The naked approach interprets each new line as a nested list::

    # produces runtime errors
    import-from "OpenGL"
        glBindBuffer GL_UNIFORM_BUFFER glClear GL_COLOR_BUFFER_BIT
        GL_STENCIL_BUFFER_BIT GL_DEPTH_BUFFER_BIT glViewport glUseProgram
        glDrawArrays glEnable glDisable GL_TRIANGLE_STRIP

    # braced equivalent of the term above; each line is interpreted
    # as a function call and fails.
    (import-from "OpenGL"
        (glBindBuffer GL_UNIFORM_BUFFER glClear GL_COLOR_BUFFER_BIT)
        (GL_STENCIL_BUFFER_BIT GL_DEPTH_BUFFER_BIT glViewport glUseProgram)
        (glDrawArrays glEnable glDisable GL_TRIANGLE_STRIP))

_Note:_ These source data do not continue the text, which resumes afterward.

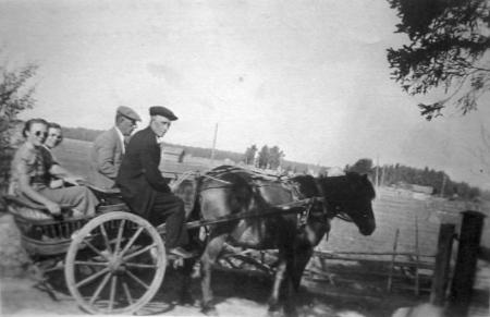 Bröderna Alfred (Hansos Alfred) (t.h.) (1871-1954) med hustrun Maria f. Kalfholm (1867-1958) och August Åkerman 'Hansos' (1886-) med hustrun Dina Maria f. Bengtas, på besök i hemlandet. Bilden tagen i samband med Augusts besök från Amerika på 1930-talet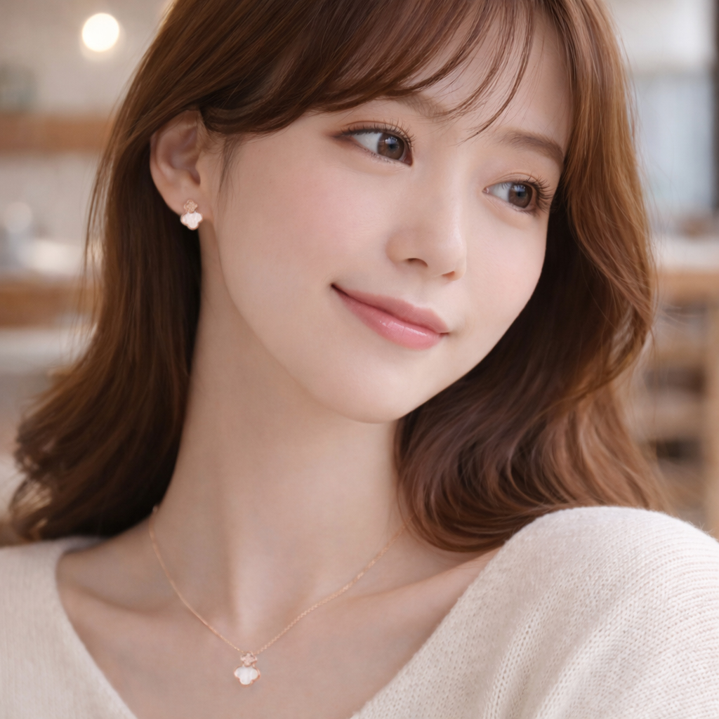 煌めくクローバーの組み合わせは儚げで可愛い♡美しいピンクゴールドメッキに、キュービックジルコニアストーンをあしらったアクセサリー♡デイリーからお呼ばれコーデまで幅広く着用でき、シーズンレスで楽しめます♡つけ心地も抜群でネックコーデと儚げに華奢な印象を与えます♡シーズンレスで着用でき、場面も選ばないので贈り物にも最適です。金属アレルギーの主な原因となるニッケルを含まず、お肌に優しい仕上げとなっています。同デザインのピアスorイヤリングとセットで着用していただくのもおすすめ♡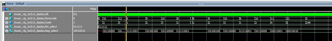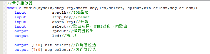 //播放器控制模块 module music_ctrl(sysclk,stop_key,select,start_key,tonecode,tonestep,led,spkout); input sysclk;//50M晶振 input stop_key;//reset input select;//歌曲选择,0和1对应不同歌曲 input start_key;//开始 input [9:0] tonestep; output [7:0] tonecode; output led;//指示灯 output spkout;//蜂鸣器输出 reg spkout=0; reg [10:0] addr='d0;//分频控制字--addr[21:0] reg [24:0] divclk_counter='d0; reg musicclk=0; wire [9:0] step; reg [7:0] tonecode='d0; wire [9:0] tonestep; reg [7:0] codeaddr1='d0; reg [7:0] codeaddr2='d0; wire [7:0] ROM_data1; wire [7:0] ROM_data2; //ROM(歌曲茉莉花) ROM i1_ROM( .address(codeaddr1), .clock(musicclk), .q(ROM_data1) ); //ROM(歌曲两只老虎) ROM2 i2_ROM( .address(codeaddr2), .clock(musicclk), .q(ROM_data2) ); reg music_select=1'd0; assign led=music_select; always@(posedge sysclk or negedge stop_key or negedge start_key) if(!stop_key) music_select<=0;//停止 else if(!start_key) music_select<=1;//开始 assign step = tonestep; always @(posedge sysclk) begin addr <= addr + step;//step是根据音乐文件产生的频率控制字,不同step产生不同频率的spkout end always @(posedge sysclk) begin if (divclk_counter == 179)//50M/(1799999*2)=分频到13.9Hz---仿真将1799999改小为179 begin musicclk <= (~musicclk);//musicclk=13.9Hz divclk_counter <= 0; end else divclk_counter <= divclk_counter + 1; end always @(posedge sysclk) if(music_select==0)begin spkout<=1'b1;//0时蜂鸣器拉高,不唱 end else begin spkout<=addr[10];//addr的最高位就是输出蜂鸣器的频率--仿真将addr[21]改成addr[10] end always @(posedge musicclk or negedge stop_key) begin if(!stop_key) codeaddr1 <= 0;//停止 else if(select==0)begin//歌曲1 if (music_select) begin tonecode <= ROM_data1;//播放歌曲 if (codeaddr1 == 255) codeaddr1 <= 0;//播放完后循环 else codeaddr1 <= codeaddr1 + 1; end end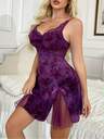 1pc Lace Trimmed Bowknot Front Slit Hem Cami Nightgown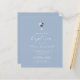 This elegant baptism invitation features a watercolor bouquet of dusty blue and navy blue flowers and silver foliage on a silver faux foil cross, above the words "please join us for the baptism of our son" in elegant white handwriting calligraphy and italics pm a dusty blue background. Personalize it with the name in white script and the details in sans serif font. The back of the card is solid dusty blue. Ideal for a boy's baptism.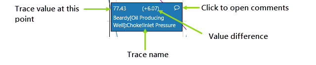 Initially, the information box shows only 3 items: the data value, the value difference, and the comment icon.

This can be fixed by using the ``splice-line`` control character, ``\``::

    # correct solution using splice-line, postfix style
    import-from "OpenGL" \
        glBindBuffer GL_UNIFORM_BUFFER glClear GL_COLOR_BUFFER_BIT \
        GL_STENCIL_BUFFER_BIT GL_DEPTH_BUFFER_BIT glViewport glUseProgram \
        glDrawArrays glEnable glDisable GL_TRIANGLE_STRIP

Unlike in other languages, and as previously demonstrated, ``\`` splices at the
token level rather than the character level, and can therefore also be placed
at the beginning of nested lines, where the parent is still the active list::

    # correct solution using splice-line, prefix style
    import-from "OpenGL"
        \ glBindBuffer GL_UNIFORM_BUFFER glClear GL_COLOR_BUFFER_BIT
        \ GL_STENCIL_BUFFER_BIT GL_DEPTH_BUFFER_BIT glViewport glUseProgram
        \ glDrawArrays glEnable glDisable GL_TRIANGLE_STRIP

Tail Splicing
^^^^^^^^^^^^^

While naked notation is ideal for writing nested lists that accumulate
at the tail::

    # braced
    (a b c
        (d e f
            (g h i))
        (j k l))

    # naked
    a b c
        d e f
            g h i
        j k l

...there are complications when additional elements need to be spliced back into
the parent list::

    (a b c
        (d e f
            (g h i))
        j k l)

Once again, we can reuse the splice-line control character to get what we want::

    a b c
        d e f
            g h i
        \ j k l

Left-Hand Nesting
^^^^^^^^^^^^^^^^^

When using infix notation, conditional blocks or functions producing functions,
lists occur that nest at the head level rather than the tail::

    ((((a b)
        c d)
            e f)
                g h)

The equivalent naked mode version makes extensive use of list separator and
splice-line characters to describe the same tree::

    # equivalent structure
    ;
        ;
            ;
                a b
                \ c d
            \ e f
        \ g h

A more complex tree which also requires splicing elements back into the parent
list can be realized with the same combo of list separator and splice-line::

    # braced
    (a
        ((b
            (c d)) e)
        f g
        (h i))

    # naked
    a
        ;
            b
                c d
            \ e
        \ f g
        h i

While this example demonstrates the versatile usefulness of splice-line and
list separator, expressing similar trees in partially braced notation might
often be easier on the eyes.

As so often, the best format is the one that fits the context.